● EXERCISE MATERIALS:

--- START ---

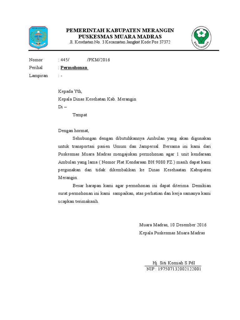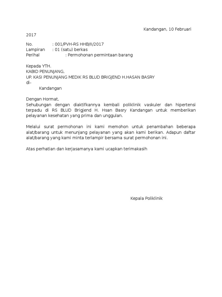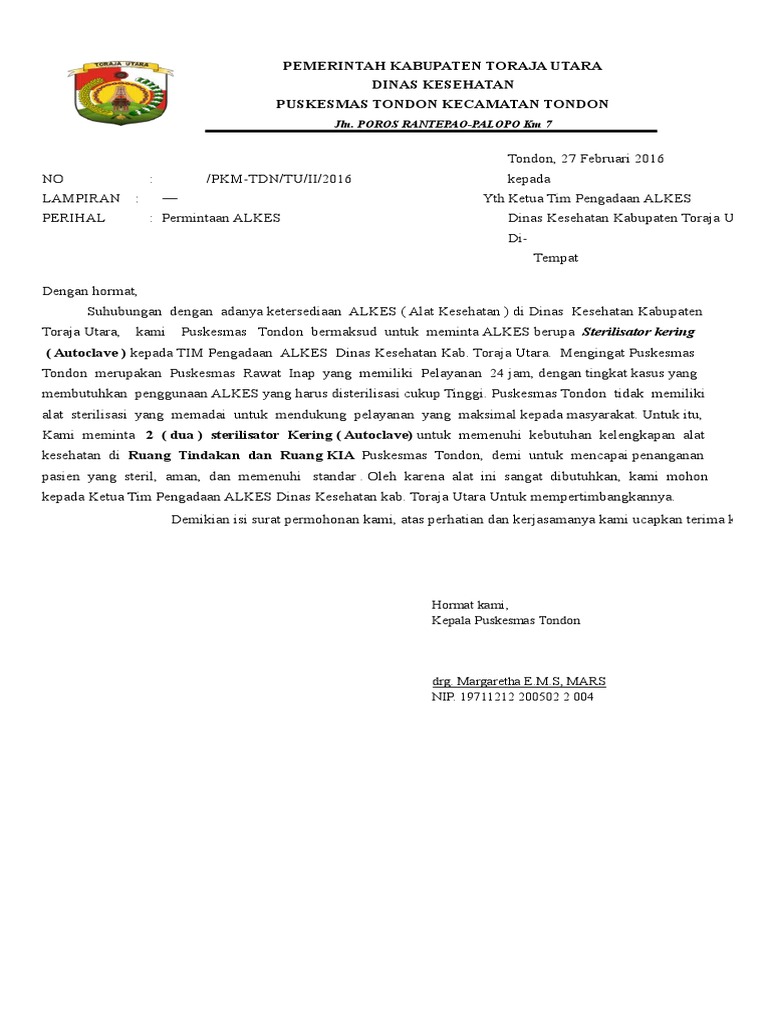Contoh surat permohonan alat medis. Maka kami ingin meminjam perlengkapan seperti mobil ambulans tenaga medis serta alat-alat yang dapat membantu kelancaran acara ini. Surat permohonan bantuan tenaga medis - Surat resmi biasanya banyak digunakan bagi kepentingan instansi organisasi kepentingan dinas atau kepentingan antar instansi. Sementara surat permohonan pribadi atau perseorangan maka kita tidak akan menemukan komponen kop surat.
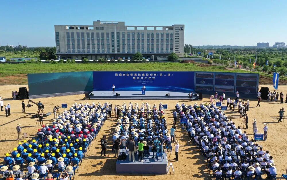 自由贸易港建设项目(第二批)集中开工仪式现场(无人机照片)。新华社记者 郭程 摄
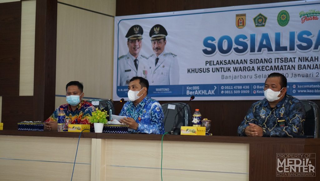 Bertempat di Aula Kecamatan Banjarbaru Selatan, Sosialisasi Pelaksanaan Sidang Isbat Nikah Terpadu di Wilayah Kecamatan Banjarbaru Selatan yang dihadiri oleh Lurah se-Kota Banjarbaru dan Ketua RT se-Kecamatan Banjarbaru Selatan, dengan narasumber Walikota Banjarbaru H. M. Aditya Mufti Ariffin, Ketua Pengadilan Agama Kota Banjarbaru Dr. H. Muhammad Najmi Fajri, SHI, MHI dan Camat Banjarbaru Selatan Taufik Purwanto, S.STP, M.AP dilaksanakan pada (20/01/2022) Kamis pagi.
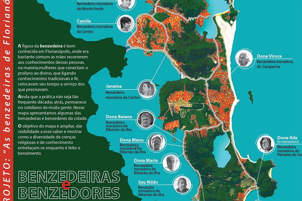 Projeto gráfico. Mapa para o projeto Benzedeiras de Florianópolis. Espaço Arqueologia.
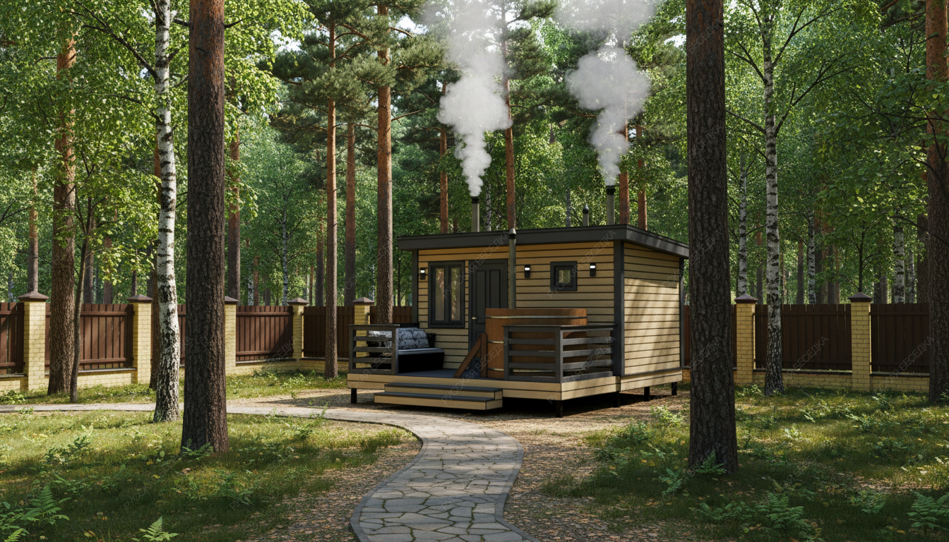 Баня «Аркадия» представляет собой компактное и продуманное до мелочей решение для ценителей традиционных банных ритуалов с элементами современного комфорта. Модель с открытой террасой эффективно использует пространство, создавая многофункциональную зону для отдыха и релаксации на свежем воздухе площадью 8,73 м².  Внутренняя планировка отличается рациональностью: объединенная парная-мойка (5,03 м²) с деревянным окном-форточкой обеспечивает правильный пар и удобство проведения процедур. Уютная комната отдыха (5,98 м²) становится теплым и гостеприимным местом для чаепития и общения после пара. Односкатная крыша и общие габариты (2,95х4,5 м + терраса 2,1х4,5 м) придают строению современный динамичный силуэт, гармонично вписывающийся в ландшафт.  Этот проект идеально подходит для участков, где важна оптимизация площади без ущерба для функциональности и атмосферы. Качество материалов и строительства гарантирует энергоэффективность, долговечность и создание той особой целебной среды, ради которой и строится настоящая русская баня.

--- END ---
--- START ---

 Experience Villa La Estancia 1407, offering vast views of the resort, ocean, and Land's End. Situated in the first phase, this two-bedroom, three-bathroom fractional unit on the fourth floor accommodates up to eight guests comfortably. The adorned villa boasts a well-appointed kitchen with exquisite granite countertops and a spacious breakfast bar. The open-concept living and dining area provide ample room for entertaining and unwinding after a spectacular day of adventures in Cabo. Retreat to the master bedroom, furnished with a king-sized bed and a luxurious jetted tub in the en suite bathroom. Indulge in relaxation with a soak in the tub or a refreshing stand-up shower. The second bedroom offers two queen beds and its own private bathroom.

--- END ---

● PROBLEM REQUIREMENTS: What you need to produce is an exact copy of the entries above, limited to the lines from the one with "Contoh surat permohonan" up to and including the one with "Projeto gráfico. Mapa", without pictures.

● EXERCISE ANSWER:
Contoh surat permohonan alat medis. Maka kami ingin meminjam perlengkapan seperti mobil ambulans tenaga medis serta alat-alat yang dapat membantu kelancaran acara ini. Surat permohonan bantuan tenaga medis - Surat resmi biasanya banyak digunakan bagi kepentingan instansi organisasi kepentingan dinas atau kepentingan antar instansi. Sementara surat permohonan pribadi atau perseorangan maka kita tidak akan menemukan komponen kop surat.
 自由贸易港建设项目(第二批)集中开工仪式现场(无人机照片)。新华社记者 郭程 摄
 Bertempat di Aula Kecamatan Banjarbaru Selatan, Sosialisasi Pelaksanaan Sidang Isbat Nikah Terpadu di Wilayah Kecamatan Banjarbaru Selatan yang dihadiri oleh Lurah se-Kota Banjarbaru dan Ketua RT se-Kecamatan Banjarbaru Selatan, dengan narasumber Walikota Banjarbaru H. M. Aditya Mufti Ariffin, Ketua Pengadilan Agama Kota Banjarbaru Dr. H. Muhammad Najmi Fajri, SHI, MHI dan Camat Banjarbaru Selatan Taufik Purwanto, S.STP, M.AP dilaksanakan pada (20/01/2022) Kamis pagi.
 Projeto gráfico. Mapa para o projeto Benzedeiras de Florianópolis. Espaço Arqueologia.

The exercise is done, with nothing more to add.